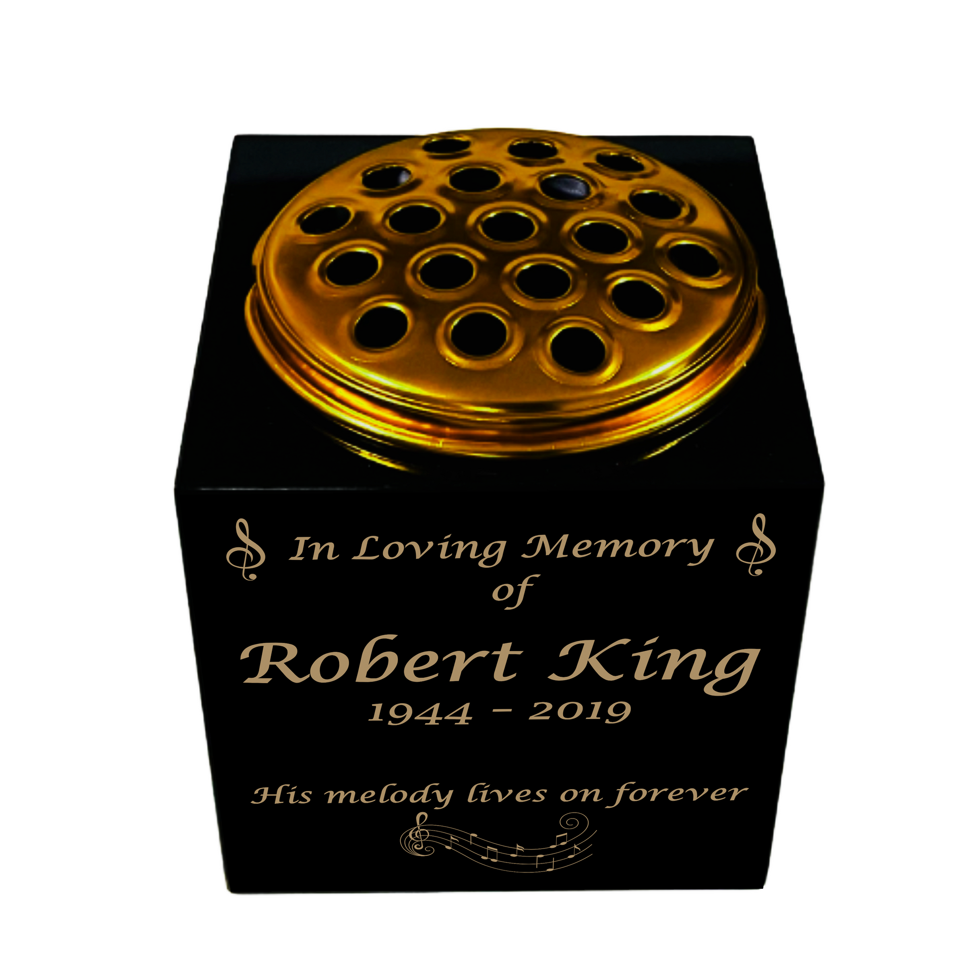 Premium Black Granite Memorial Vase- Solid Square Shape Vase – Free Personalised Gold Engraving - Musical Notes Design – Metal Flower Insert – 3 different sizes available
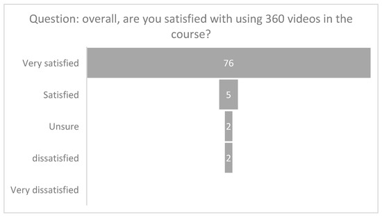 According to the responses to the questionnaire, more than 90% of the students were satisfied with using 360-degree videos. A total of 2.4% of them responded with uncertainty and 2.4% felt dissatisfied (Figure 8). Ultimately, the vast majority of students strongly advocated using 360-degree videos in other architectural classes (Table 16).
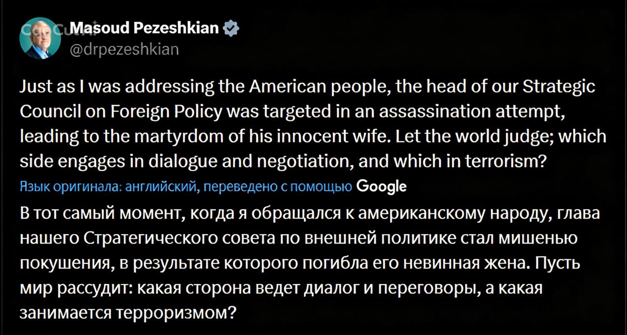 Президент Ирана Масуд Пезешкиан заявил, что в момент его обращения к американскому народу произошла попытка убийства главы Стратегического совета по внешней политике страны. В результате атаки погибла его жена.
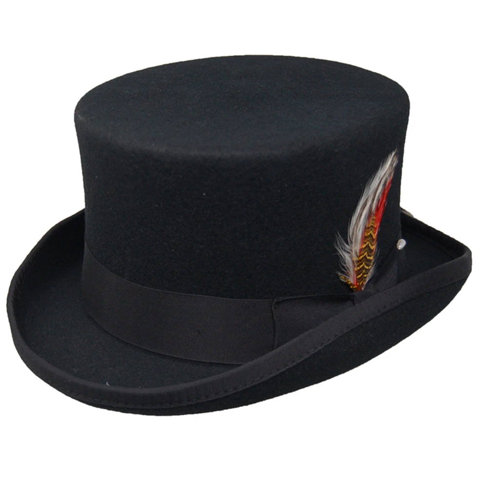 The DelMonico Wool Felt Top Hat is a handsome top hat made from 100% wool felt. This top hat features a 4 1/2″ crown, grosgrain hat band with bow and pearl pin, 2 1/2″ brim with bound edge and curl, satin lining, and leatherette sweatband. Made in China for us by Capas Headwear.
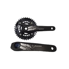 Pedivela duplo ponta quadrada Duplo 22/36t Engrenagens em aço Braços em aluminio forjado. Comprimento: 175mm Sem protetor de corrente Tampas de parafuso de plástico preto Compatibilidade: 10 e 11v Chain line: 49mm. Coroas removíveis. peso 0,925 gramas Marca veloforce Garântia 3 mêses
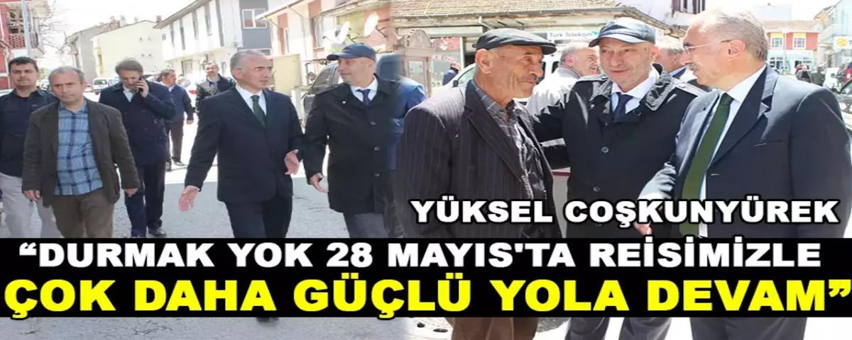 AK Parti Bolu Milletvekili Yüksel Coşkunyürek, 14 Mayıs'ta gerçekleşen seçimin ardından teşekkür ziyaretlerine Yeniçağa ilçesinde devam etti. Yeniçağa Belediye Başkanı Recayi Çağlar, Coşkunyürek'e eşlik etti. Yeniçağa ilçesinde esnafları ziyaret ederek teşekkür ziyaretleri gerçekleştiren Coşkunyürek, sokakta karşılaştığı vatandaşlarla selamlaştı. Coşkunyürek vatandaştan 28 Mayıs'ta yapılacak ikinci tur seçimleri için Cumhurbaşkanı ve AK Parti Genel başkanı Recep Tayyip Erdoğan'a destek istedi.
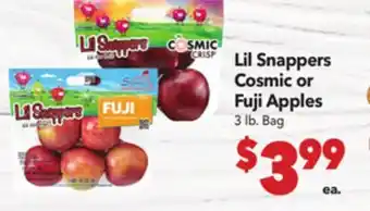 This offer is available in various stores, view all products to get the cheapest Lil Snappers Cosmic or Fuji Apples. If you'd like to find out whether this product has a bigger discount in another store, check the category 'Grocery'. You may also find these offers interesting: Washington Stemilt Lil Snappers Fuji, Gala Cosmic Crisp, Granny Smith, or Pink Lady Apples 3 1b, Washington Stemilt Lil Snappers Honeycrisp Apples & Fuji Apples.
━━━
* **EXERCISE**
Repeat the records in full, precisely, and keep the pictures out.

* **WRITTEN ANSWER**
 Premium Black Granite Memorial Vase- Solid Square Shape Vase – Free Personalised Gold Engraving - Musical Notes Design – Metal Flower Insert – 3 different sizes available
 According to the responses to the questionnaire, more than 90% of the students were satisfied with using 360-degree videos. A total of 2.4% of them responded with uncertainty and 2.4% felt dissatisfied (Figure 8). Ultimately, the vast majority of students strongly advocated using 360-degree videos in other architectural classes (Table 16).
 Президент Ирана Масуд Пезешкиан заявил, что в момент его обращения к американскому народу произошла попытка убийства главы Стратегического совета по внешней политике страны. В результате атаки погибла его жена.
 The DelMonico Wool Felt Top Hat is a handsome top hat made from 100% wool felt. This top hat features a 4 1/2″ crown, grosgrain hat band with bow and pearl pin, 2 1/2″ brim with bound edge and curl, satin lining, and leatherette sweatband. Made in China for us by Capas Headwear.
 Pedivela duplo ponta quadrada Duplo 22/36t Engrenagens em aço Braços em aluminio forjado. Comprimento: 175mm Sem protetor de corrente Tampas de parafuso de plástico preto Compatibilidade: 10 e 11v Chain line: 49mm. Coroas removíveis. peso 0,925 gramas Marca veloforce Garântia 3 mêses
 AK Parti Bolu Milletvekili Yüksel Coşkunyürek, 14 Mayıs'ta gerçekleşen seçimin ardından teşekkür ziyaretlerine Yeniçağa ilçesinde devam etti. Yeniçağa Belediye Başkanı Recayi Çağlar, Coşkunyürek'e eşlik etti. Yeniçağa ilçesinde esnafları ziyaret ederek teşekkür ziyaretleri gerçekleştiren Coşkunyürek, sokakta karşılaştığı vatandaşlarla selamlaştı. Coşkunyürek vatandaştan 28 Mayıs'ta yapılacak ikinci tur seçimleri için Cumhurbaşkanı ve AK Parti Genel başkanı Recep Tayyip Erdoğan'a destek istedi.
 This offer is available in various stores, view all products to get the cheapest Lil Snappers Cosmic or Fuji Apples. If you'd like to find out whether this product has a bigger discount in another store, check the category 'Grocery'. You may also find these offers interesting: Washington Stemilt Lil Snappers Fuji, Gala Cosmic Crisp, Granny Smith, or Pink Lady Apples 3 1b, Washington Stemilt Lil Snappers Honeycrisp Apples & Fuji Apples.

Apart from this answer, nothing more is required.